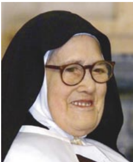
S. Lucija dos Santos (+13.2.2005.), fatimska vidjelica

Naglašavati to ne znači biti natražnjak, nekakav jučerašnji, nego su upravo osvjeđeni vjernici i misionari kroz svu prošlost bili pioniri koji su krčili put u budućnost. Oni su bili istinski prometeji – oni koji misle unaprijed, prema budućnosti, a ne natražnjački.
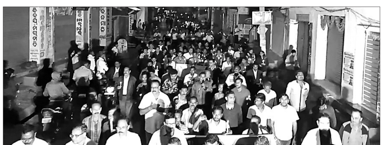
ଶହାଦତ୍ତ ଯବାନଙ୍କୁ ଉଦ୍ଦେଶ୍ୟରେ ପାଟଣାଗଡ଼ରେ କ୍ୟାଣ୍ଡେଲ ଶୋଭାଯାତ୍ରା
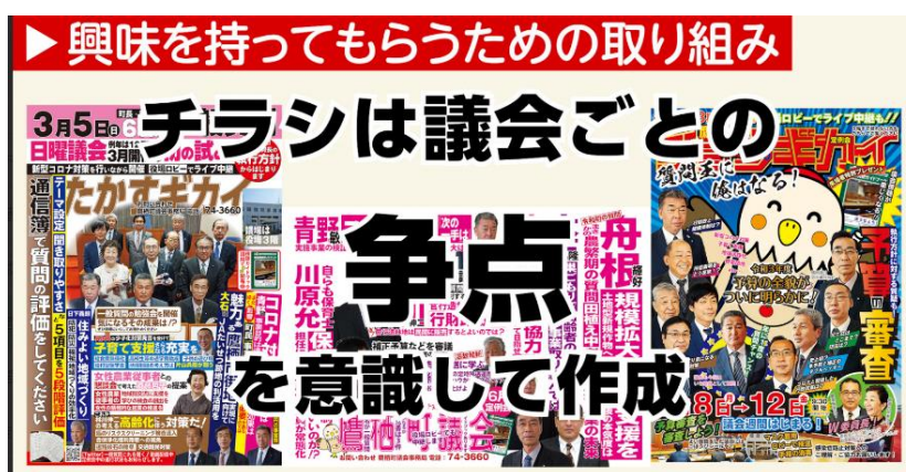
図2 「アートな議会だよりデザイン」

「一般質問前後インタビュー」では質問の概要など説明した後に、一般質問、そして終了後のインタビューがコンパクトにまとめられており、分かりやすかった。

### [Task statement]
Every line of the records above must reappear exactly, though the pictures must not.

### [Task result]
S. Lucija dos Santos (+13.2.2005.), fatimska vidjelica

Naglašavati to ne znači biti natražnjak, nekakav jučerašnji, nego su upravo osvjeđeni vjernici i misionari kroz svu prošlost bili pioniri koji su krčili put u budućnost. Oni su bili istinski prometeji – oni koji misle unaprijed, prema budućnosti, a ne natražnjački.
ଶହାଦତ୍ତ ଯବାନଙ୍କୁ ଉଦ୍ଦେଶ୍ୟରେ ପାଟଣାଗଡ଼ରେ କ୍ୟାଣ୍ଡେଲ ଶୋଭାଯାତ୍ରା
図2 「アートな議会だよりデザイン」

「一般質問前後インタビュー」では質問の概要など説明した後に、一般質問、そして終了後のインタビューがコンパクトにまとめられており、分かりやすかった。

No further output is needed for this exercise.